------ GIVEN DATA

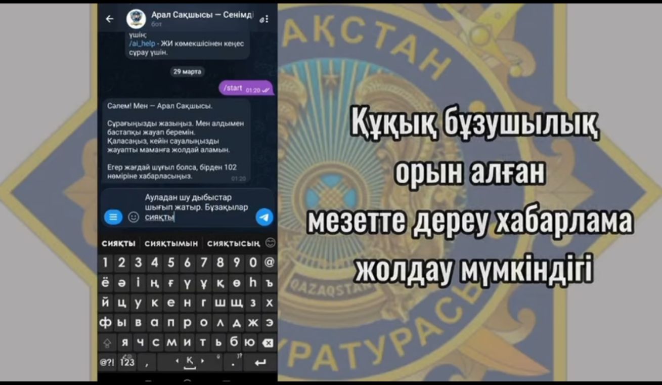 «Арал сақшысы» чат-боты – заманауи цифрлық шешімдер арқылы қоғамдық қауіпсіздікті қамтамасыз етуге бағытталған тиімді құрал.
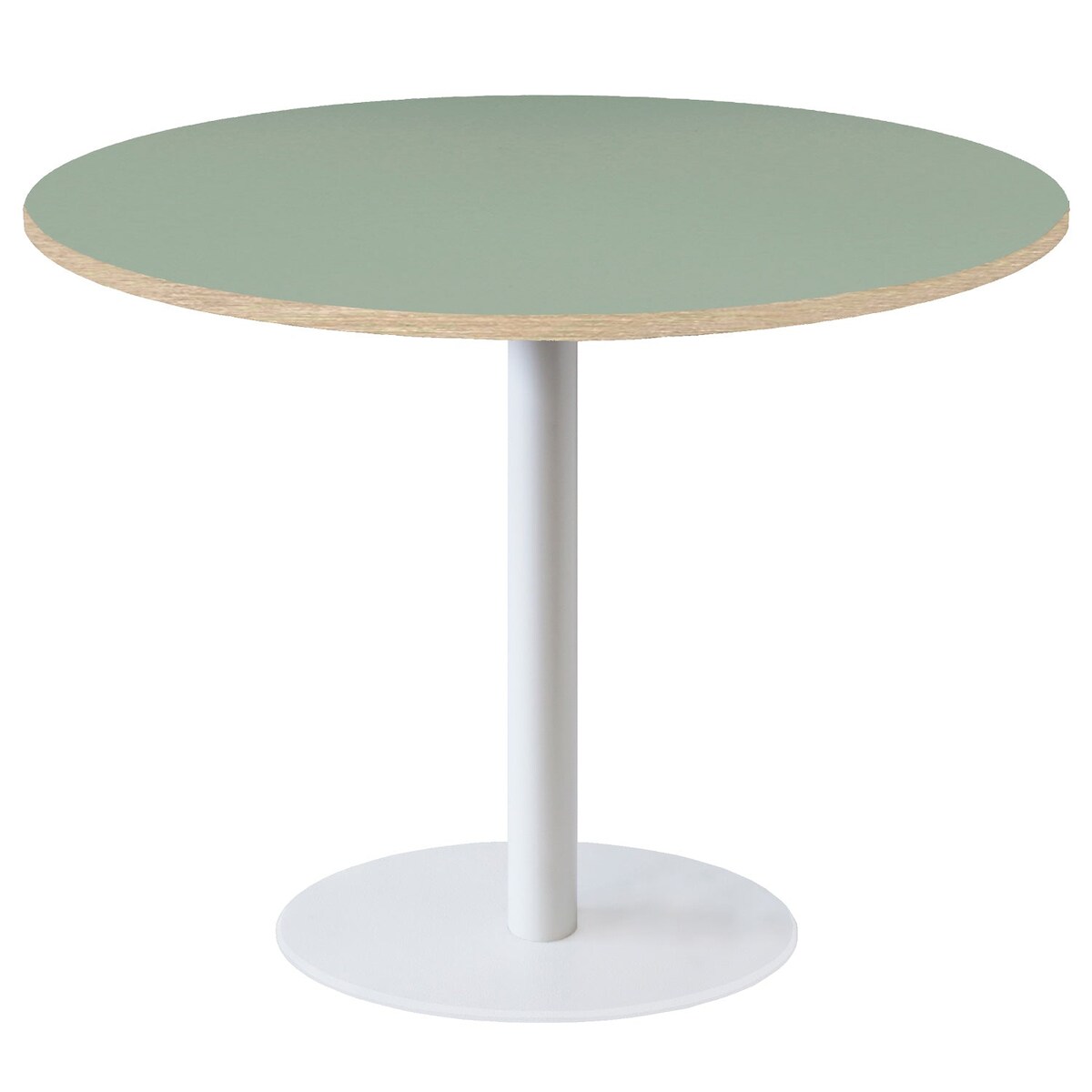 RestooTab - Tisch Rome XL weiß Ø120 Dekor grün celadon Kanten in Holzoptik
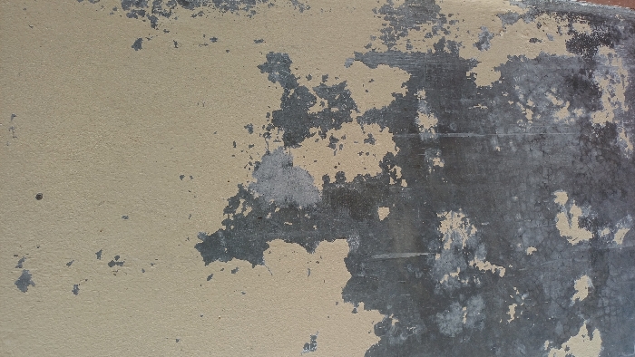 A close-up shot reveals a textured surface, likely a wall or panel, exhibiting significant paint degradation. The left side features a beige-colored layer, mostly intact with minor peeling. Towards the right, this layer is heavily chipped and worn, exposing a darker, grey substrate beneath. The exposed area has a mottled, rough appearance, suggesting underlying material like concrete or plaster. The overall impression is one of age, weathering, and neglect.
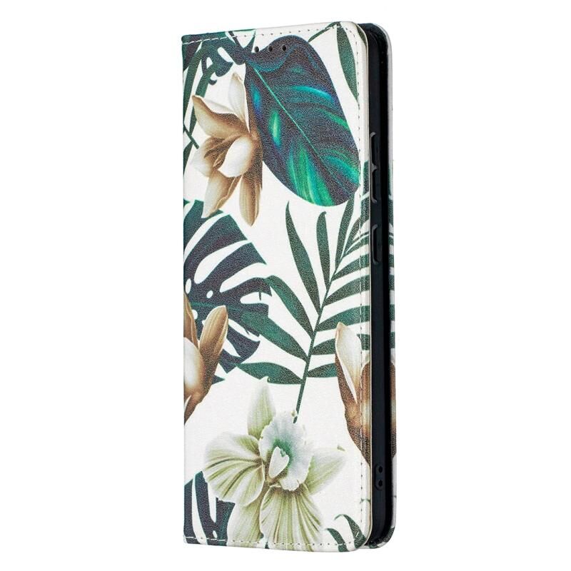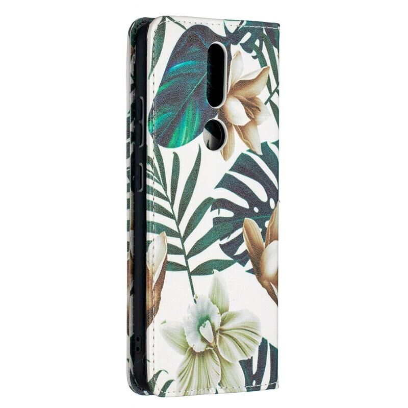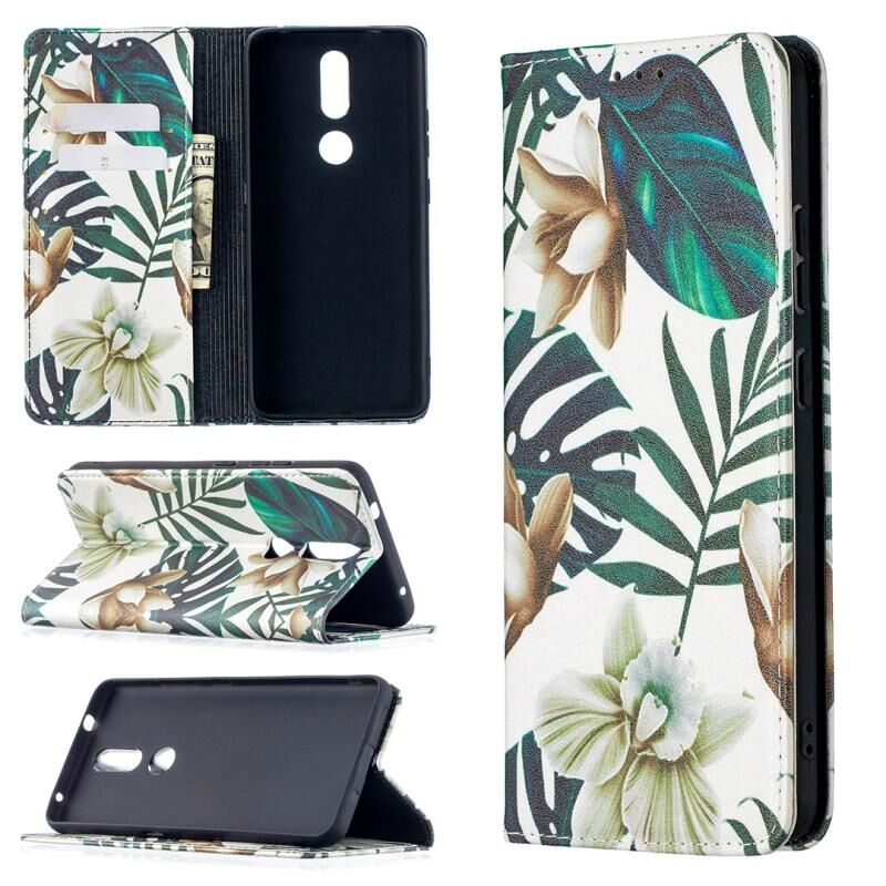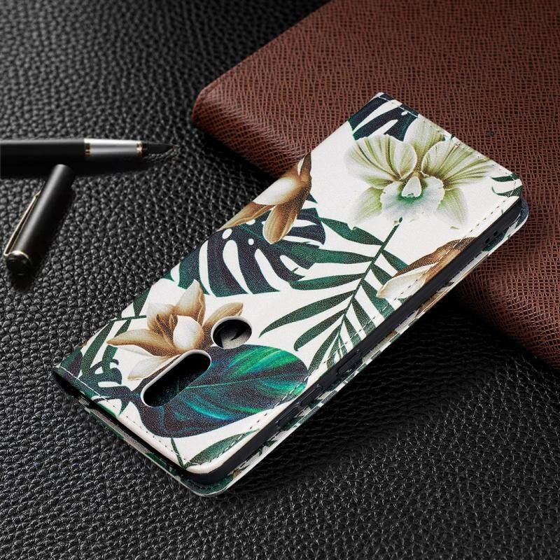 Θήκη για Nokia 2.4 με έγχρωμο σχέδιο, αόρατο μαγνητικό, οριζόντιο flip από δερματίνη PU με βάση στήριξης & υποδοχές καρτών & πορτοφόλι (Μπλε Φύλλα)

------------

→ **TASK TO CARRY OUT**:
All of the material above is to be copied exactly, with no pictures.

→ **OUTPUT OF THE TASK**:
 «Арал сақшысы» чат-боты – заманауи цифрлық шешімдер арқылы қоғамдық қауіпсіздікті қамтамасыз етуге бағытталған тиімді құрал.
 RestooTab - Tisch Rome XL weiß Ø120 Dekor grün celadon Kanten in Holzoptik
 A close-up shot reveals a textured surface, likely a wall or panel, exhibiting significant paint degradation. The left side features a beige-colored layer, mostly intact with minor peeling. Towards the right, this layer is heavily chipped and worn, exposing a darker, grey substrate beneath. The exposed area has a mottled, rough appearance, suggesting underlying material like concrete or plaster. The overall impression is one of age, weathering, and neglect.
 Θήκη για Nokia 2.4 με έγχρωμο σχέδιο, αόρατο μαγνητικό, οριζόντιο flip από δερματίνη PU με βάση στήριξης & υποδοχές καρτών & πορτοφόλι (Μπλε Φύλλα)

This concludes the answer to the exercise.